Quando se é criança, tudo está para ser descoberto. O corpo, a voz, o ambiente, as outras pessoas. No início, não há separação entre o eu e o outro, entre o eu e o mundo. Quando somos bebês, somos o outro e também somos o mundo. Mas, principalmente, não há separação entre mãe (nosso primeiro mundo) e filho. Aparentemente o cordão umbilical separou aqueles corpos mas, isso só no aparente. O bebê ainda carrega o campo da mãe. E, se não vive essa fusão de forma harmoniosa e amorosa, no tempo certo, pode ficar em busca de viver essa experiência pela vida inteira. 

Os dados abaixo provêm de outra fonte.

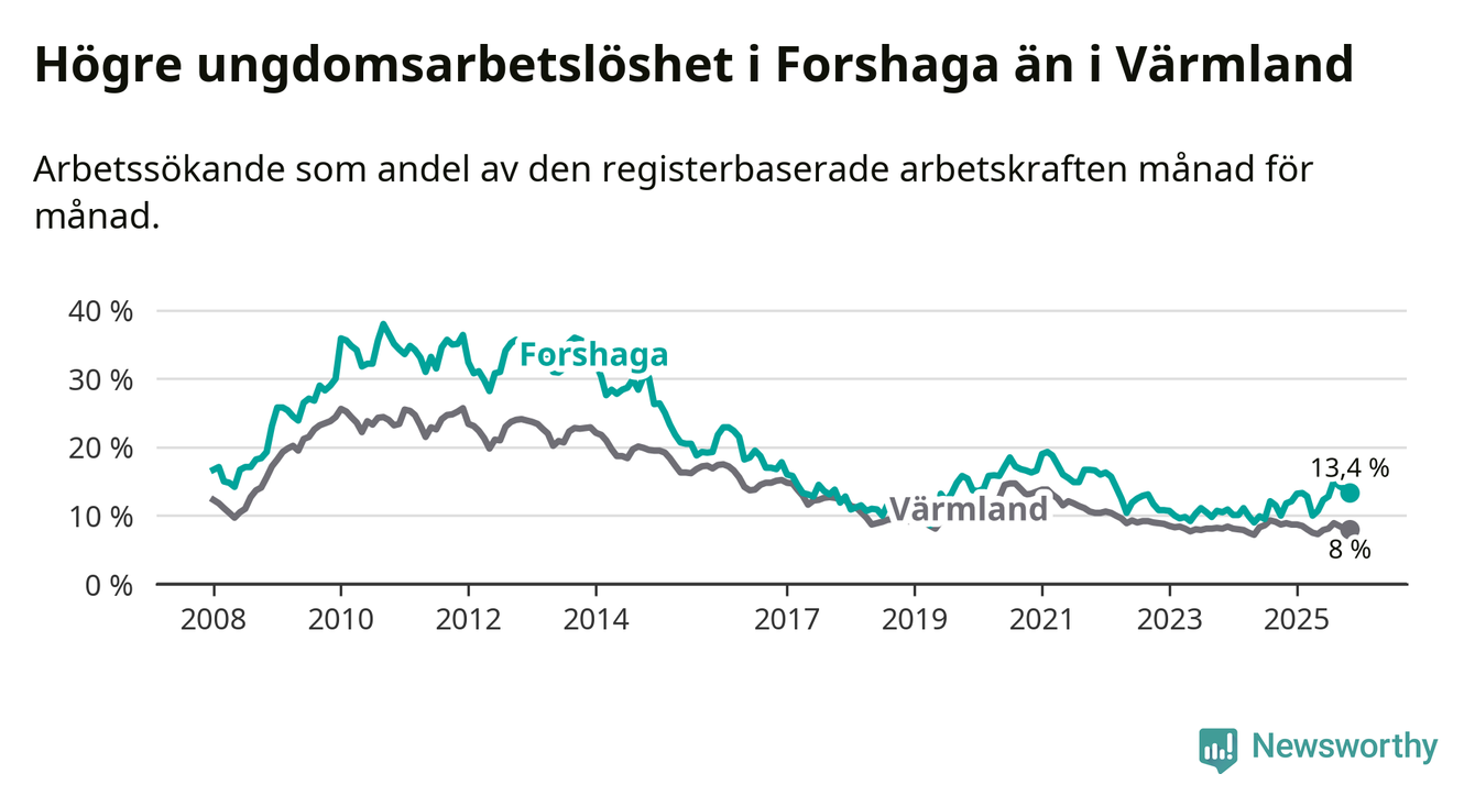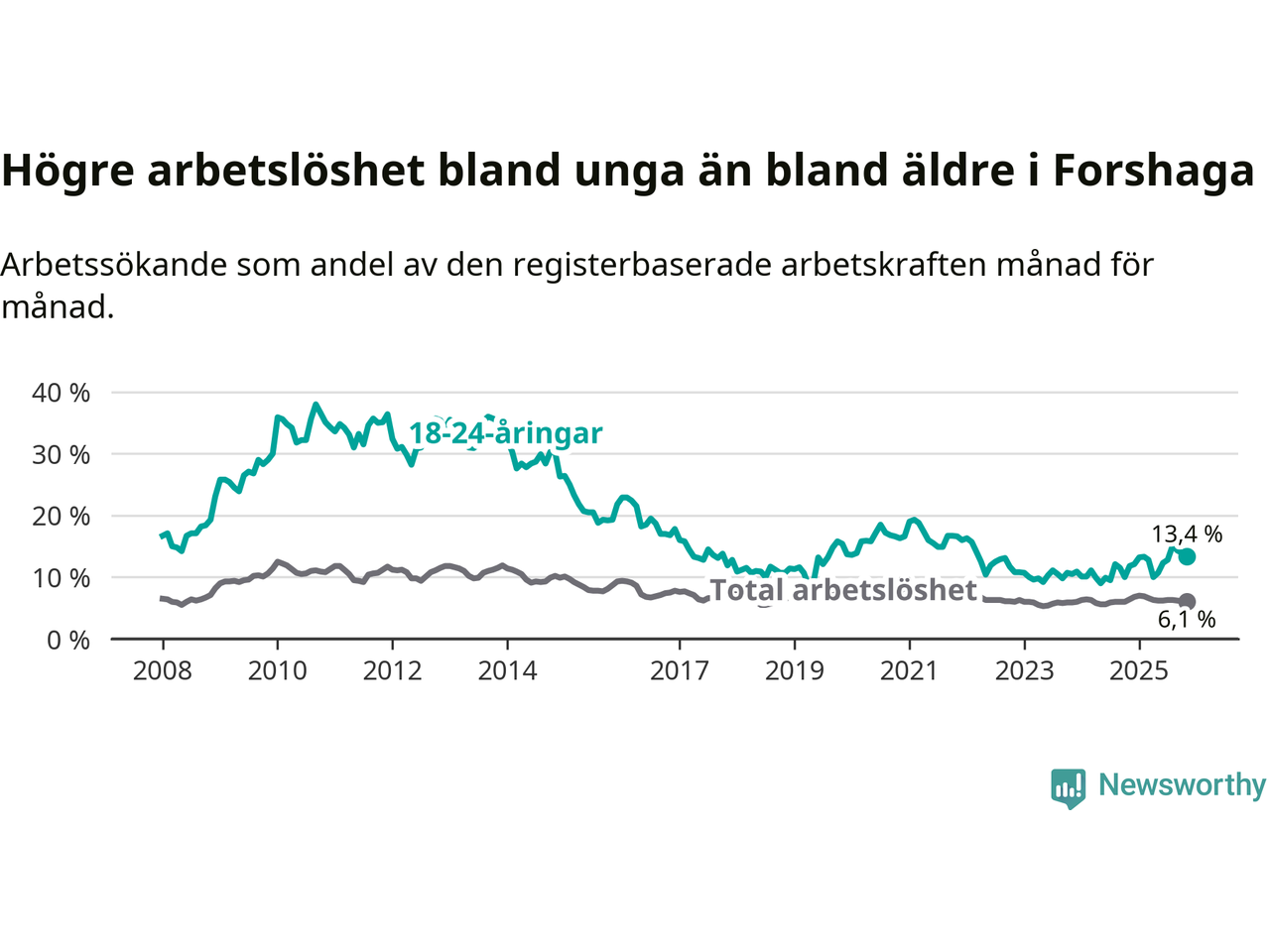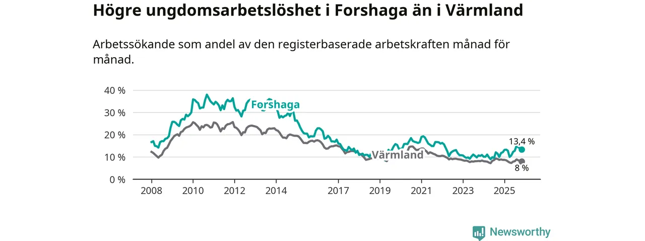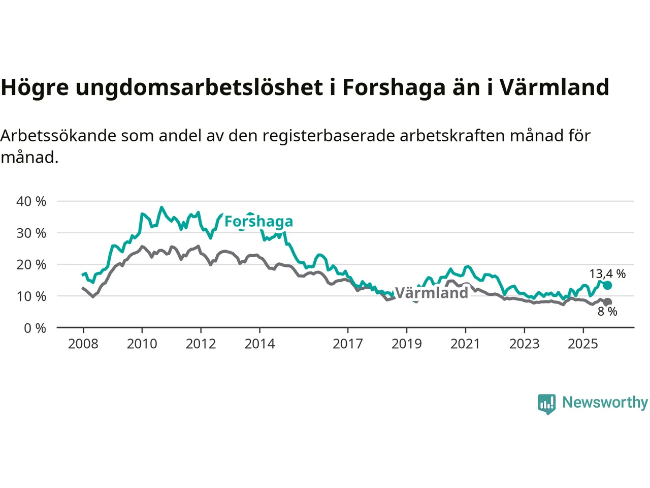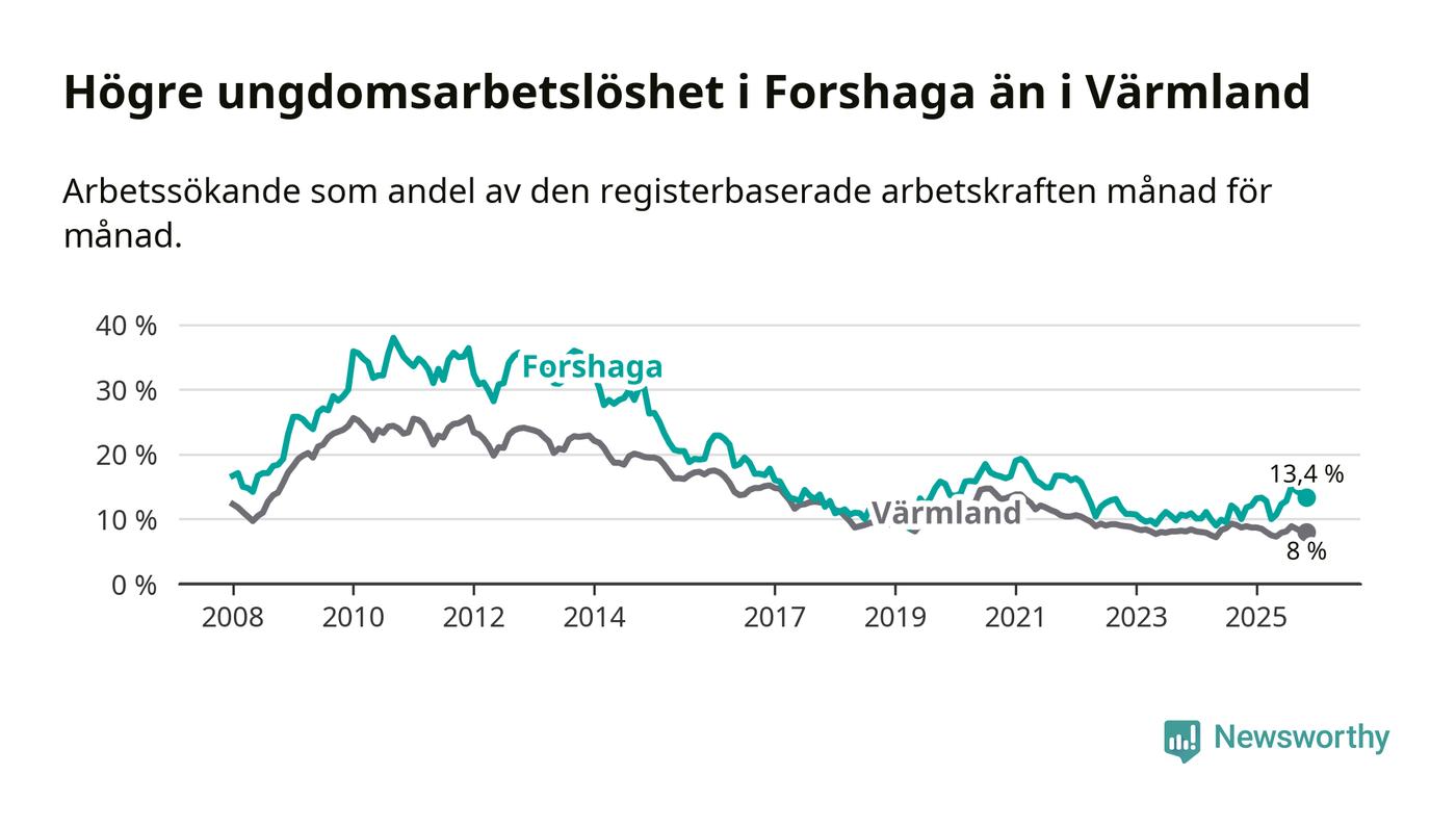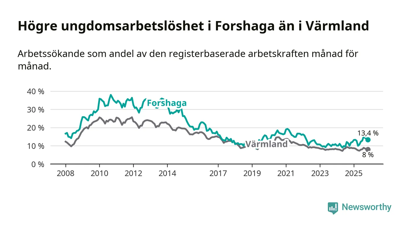 I och med den senaste månadens uppgång har de ungas arbetslöshet i Forshaga stigit 13 månader i följd (upp från 10,0 procent i oktober 2024 till 13,4 procent nu).

Aquele amor interrompido torna-se uma obsessão por atenção, afeto, carinho. Ou ainda o contrário, pode formar-se no adulto um corpo tão rígido, frio e amargurado, que nem conseguirá perceber que não consegue viver um amor de verdade. Comigo não foi diferente disso.

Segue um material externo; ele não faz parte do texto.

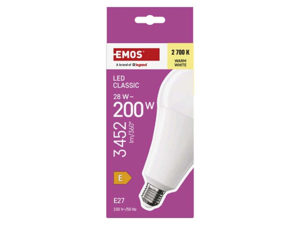 barva světla: teplá bílá|energetická třída: E|index podání barev (CRI): 80|kompatibilita: neuvádí se|náhrada za žárovku: 200 W|napětí: 230 V~/50 Hz|notifikace do mobilní aplikace: neuvádí se|ovládání hlasovými asistenty: neuvádí se|patice (uchycení žárovky): E27|počet čipů: neuvádí se|počet spínacích cyklů: 30 000|podporované OS: neuvádí se|přenosová frekvence: neuvádí se|příkon: 28 W|prodejní obal: 1 ks, krabička|protokol: neuvádí se|řada: CLASSIC|rozměr: 95 × 95 × 178 mm|stmívatelná: ne|světelná účinnost: 123 lm/W|světelný tok: 3 452 lm|technologie: LED|teplota chromatičnosti: 2 700 K|tvar: A95|typ čipů: SMD|účiník: 0,90|úhel vyzařování: 180°|záruční doba: 3 roky|životnost: 30 000 hodin
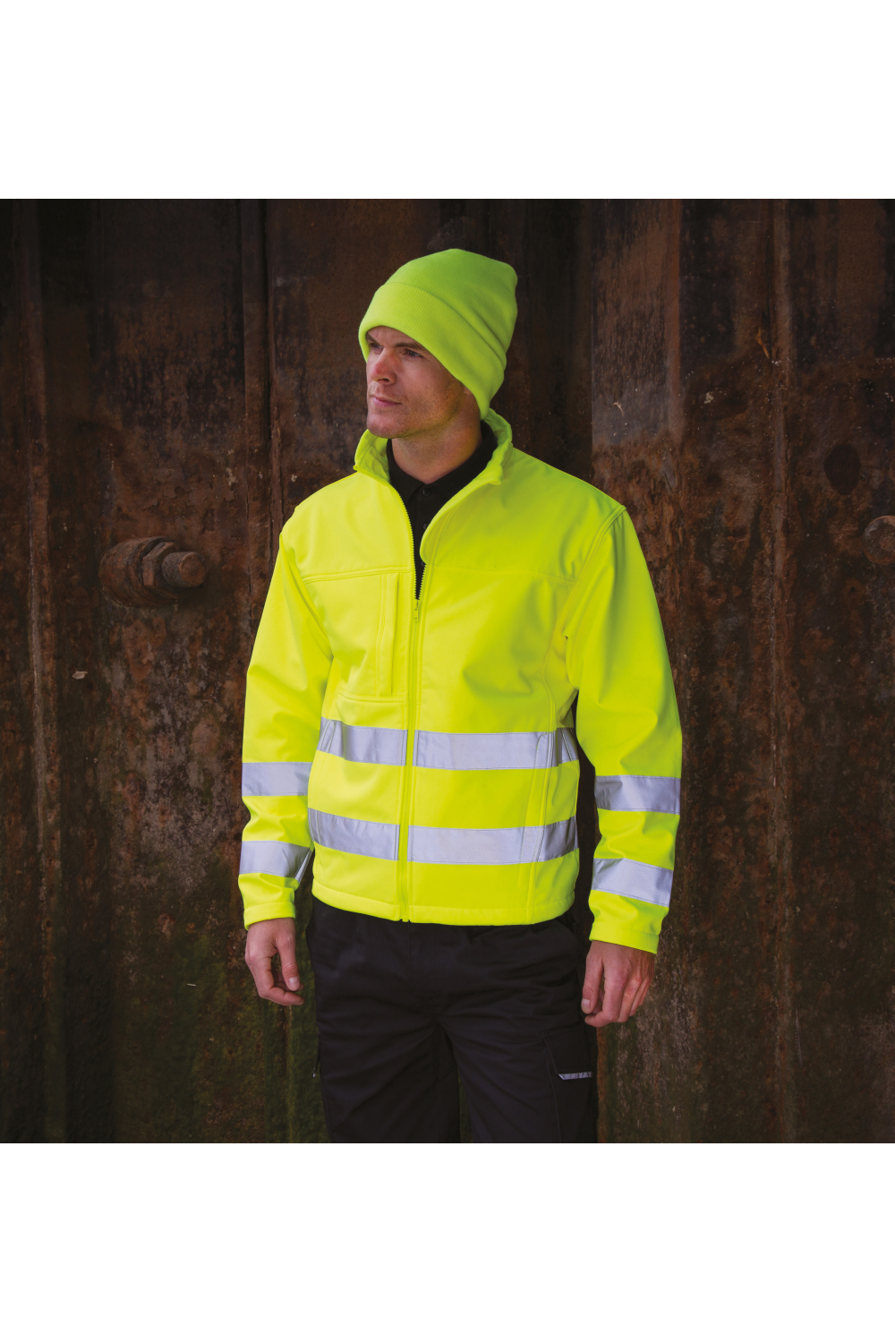 Tissu contrecollé 3 couches. Couche extérieure : 93% polyester / 7% élasthanne. Couche intermédiaire : membrane impermeable 5.000mm et respirante 3000 gr/m2/24 en polyuréthane thermoplastique. Couche intérieure : microfibre de polar pour une meilleure capacité thermique. Doublure : haut du dos Taffeta 100% polyester. 2 poches latérales à glissière. 1 poche poitrine à glissière. 2 grandes poches intérieures et 1 poche intérieure pour téléphone. Pan de dos plus long. Rabat tempête intérieur. Galons de sécurité de 50 mm cousus intégrant les matériaux réfléchissants scotchlite de 3M.EN ISO 20471:2013 catégorie 2.

Carlos Gonzales nos diz que "as crianças, como os adultos, choram para comunicar, para pedir ajuda. E que nós, adultos, normalmente, quando estamos sozinhos, choramos em silêncio ou sorrimos em silêncio e que choramos alto ou rimos a gargalhadas quando estamos acompanhados, quando alguém nos consegue ouvir."

Vivemos hoje o resultado de uma sequência de gerações que não pode expressar plenamente seus choros e temos o desafio de, após tomada a consciência disso e de todos os efeitos que isso acarretou, mudar a postura.

Sinto dizer que mesmo estudando Januz Korckak, Olinda Guedes, Laura Gutman, Carlos Gonzales, comunicação não-violenta, disciplina positiva...e por aí a fora, deparei-me ainda com muitos bloqueios e dificuldades de lidar com os desafios de ser uma mãe que assume outra postura, mais amorosa, diferente das mulheres que me antecederam.

Os movimentos com a constelação familiar (que começaram antes de eu decidir engravidar - cerca de 7 anos atrás e três anos antes de eu engravidar do meu primeiro filho) me ajudaram bastante a perceber isso e tomar uma postura diferente, sem carregar mágoas e julgamentos.

Posso dizer que somente após a chegada do meu primeiro filho pude ter a consciência maior do movimento de amor interrompido que vivi quando bebê. Certa vez, quando meu filho tinha cerca de dois meses de idade, eu tive um profundo contato com essa criança que fui, em um momento de esgotamento físico e emocional. 

Esperei ele dormir e caí aos prantos, liberando um choro que parecia não acabar mais.

E, nesse momento, pude perceber que meu corpo era o corpo de um bebê. Estava eu ali na cama, encolhida e amedrontada, chorando muito, um choro de soluçar. E, nesse momento, só uma frase me vinha na cabeça: - um colo, por favor, um colo...o que custa me pegar no colo? E me via ali, como um bebezinho que só queria sentir minha mãe junto de mim.

Minha mãe conta que eu, quando bebê, tinha muita dificuldade para dormir e chorava muito. Ela ainda dizia: "- Eu quase dormia te embalando no carrinho e você não parava de chorar",  mas como diz Carlos Gonzales, dificilmente a criança terá dificuldade para dormir se estiver sentindo o corpo da mãe perto do seu.

Mas facilmente um adulto não disponível afetivamente pode olhar para uma criança que chora e clama por contato e ver um problema na criança.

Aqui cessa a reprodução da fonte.